White Diamonds and Wendy’s
- Feb 23
- 2 min read
On the day my grandmother passed, my siblings and I, across miles and without planning, honored her in the most fitting way we knew how: with Wendy’s Junior Bacon Cheeseburgers and vanilla Frostys. My sister insisted hers was made to perfection, surely approved by the matriarch herself.

My Grammy, as I called her, was a dynamic woman. We knew never to enter the house empty-handed. A McDonald’s sweet tea with light ice, a bottled root beer, or fresh tomatoes would do. She was easy to please, yet particular in the ways that made her unmistakably herself. She loved having her nails done, always wore lipstick, and refused to leave the house with her greys showing. Her shoe collection was unrivaled; her jewelry, carefully curated. And her perfume was unforgettable. You often smelled her before you saw her, a cloud of what I believe was Elizabeth Taylor’s White Diamonds announcing her arrival before she ever entered the room. She carried herself with a quiet pride and a sense of occasion, even in the ordinary moments.

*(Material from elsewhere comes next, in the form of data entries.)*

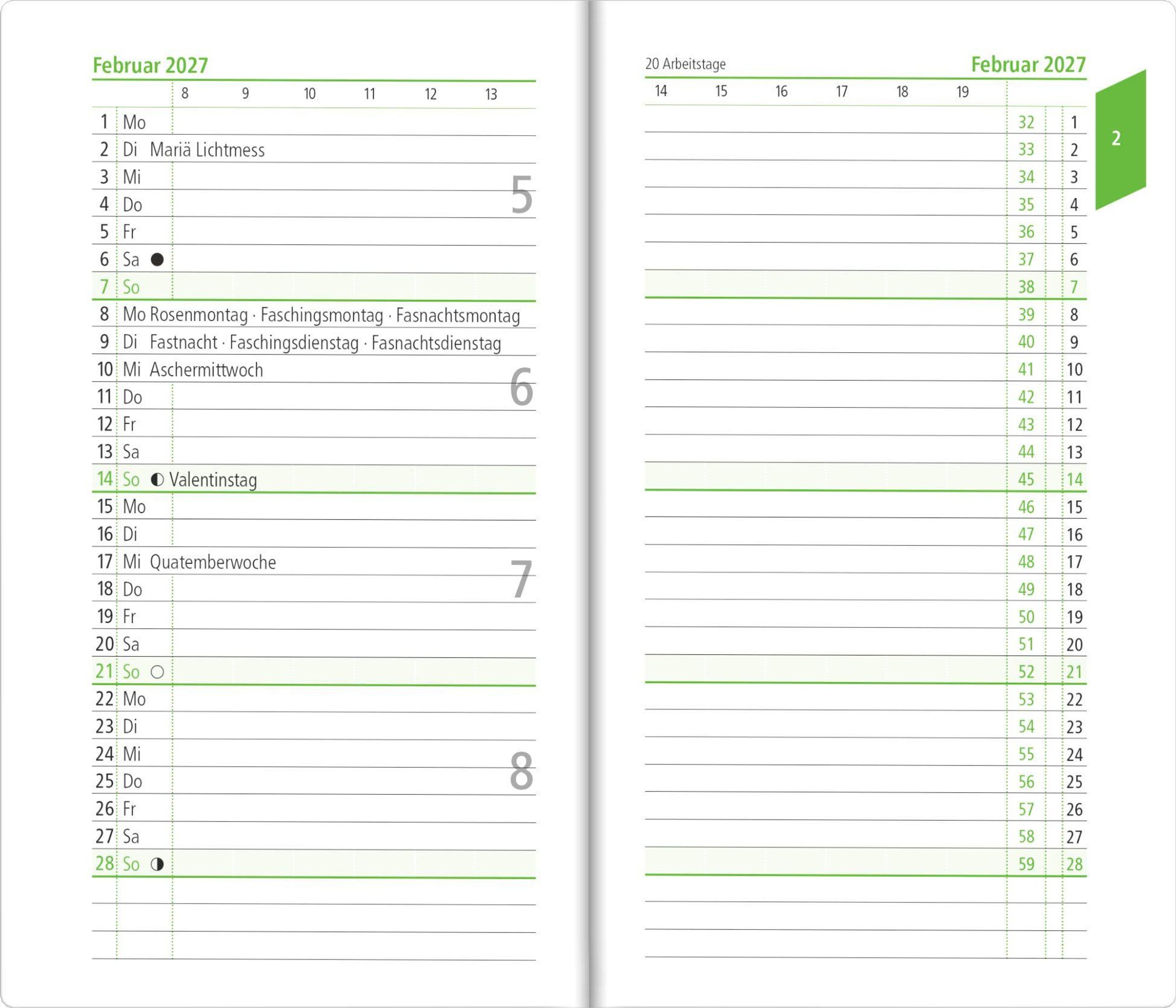 Übersichtliches Kalendarium: 1 Monat auf 2 Seiten, Sonn- und Feiertage hervorgehoben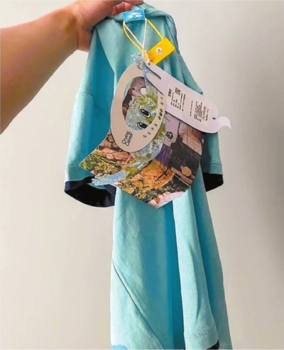 一些消费者发布的“买家秀”显示,确实有不少商家给服装挂上了尺寸夸张的吊牌,通常有A4纸那么大。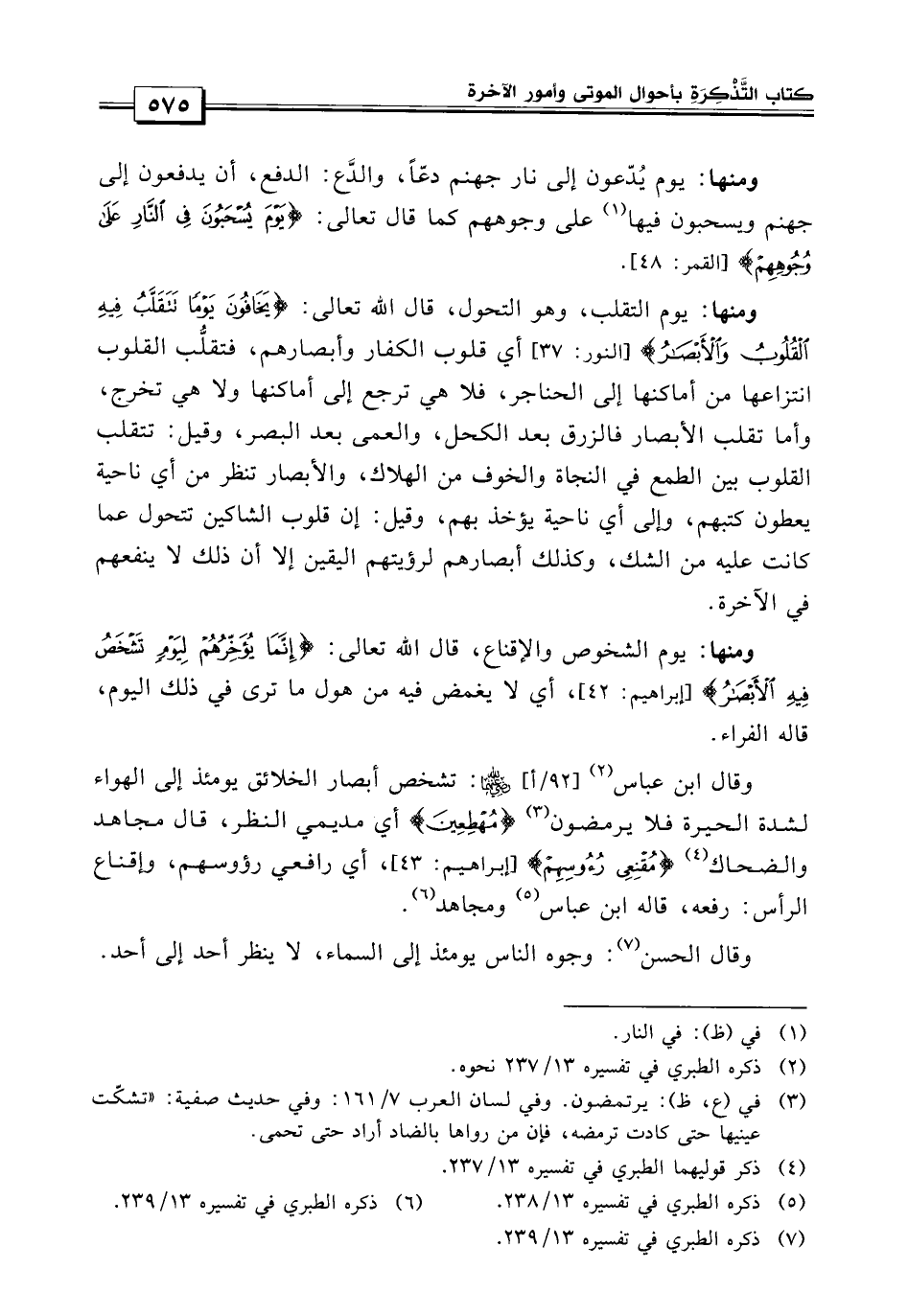 قال الله تعالى: {يخافون يوماً تتقلب فيه القلوب والأبصار} أي قلوب الكفار وأبصارهم فتقلب قلوب الكفار انتزاعها من أماكنها إلى الحناجر فلا هي ترجع إلى أماكنها ولا هي تخرج، فأما تقلب الأبصار فالزرقة بعد الحكل والعمى بعد البصر.

My Grammy was many different things to each of us, in exactly the ways we needed her to be. We’ve always argued about who was her favorite, because in so many ways, and in the ways that mattered most, she made each of us feel like we were. She held each of us in her arms and in her heart during moments when that love was so intentionally needed. That was her gift.
For most of my childhood, my Grammy and my Paw Paw, before his passing, lived with our family. They fill nearly every memory. One of the most enduring is from an ice and hail storm when I could not have been older than seven or eight. I woke in the middle of the night, terrified, and ran to her room. She pulled me under a pink blanket and held me close, assuring me we would be safe right there together. I do not remember how dangerous that storm truly was, because with her, I never felt in danger at all.
I would be remiss if I did not acknowledge the grief I hold for the way her later years were stolen from her, and from us. Her kindness and patience waned as her body and mind struggled under the weight of pain. She fought to live the life she had left with the strength she could muster, and we felt both the loss of who she had been and the depth of who she remained.

I will continue to honor her in the sweetest ways I know how. In shared treats, in pink outfits, in carefully chosen jewelry, and in the quiet strength she gave me during my biggest fears.
She carried me then.
And I will carry her with me always.